WHAT YOU NEED TO DO:
From start to end, write out the following data exactly, apart from its images.

DATASET EXCERPT:

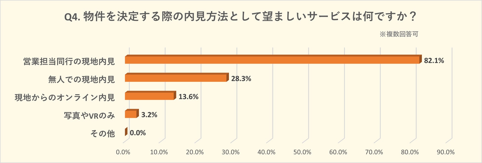 およそ8割という圧倒的な得票となったのは「営業担当同行の現地内見」となっており、内見の方法が多様化する現在でもいまだに営業担当者案内による現地内見を望む方が多い結果となりました。
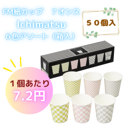 FM紙カップ 7オンス Ichimatsu 6色アソート(箱入)
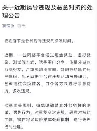 《公告》指出,此類(lèi)行為嚴重影響朋友圈、群聊等功能的用戶(hù)體驗。根據相關(guān)規則,微信明確禁止外部鏈接的測試、誘導行為。對重復多次違規,惡意對抗的主體,微信將采取階梯式處理機制,進(jìn)行更嚴格的處理。

THE ANSWER:
 およそ8割という圧倒的な得票となったのは「営業担当同行の現地内見」となっており、内見の方法が多様化する現在でもいまだに営業担当者案内による現地内見を望む方が多い結果となりました。
 FM紙カップ 7オンス Ichimatsu 6色アソート(箱入)
 《公告》指出,此類(lèi)行為嚴重影響朋友圈、群聊等功能的用戶(hù)體驗。根據相關(guān)規則,微信明確禁止外部鏈接的測試、誘導行為。對重復多次違規,惡意對抗的主體,微信將采取階梯式處理機制,進(jìn)行更嚴格的處理。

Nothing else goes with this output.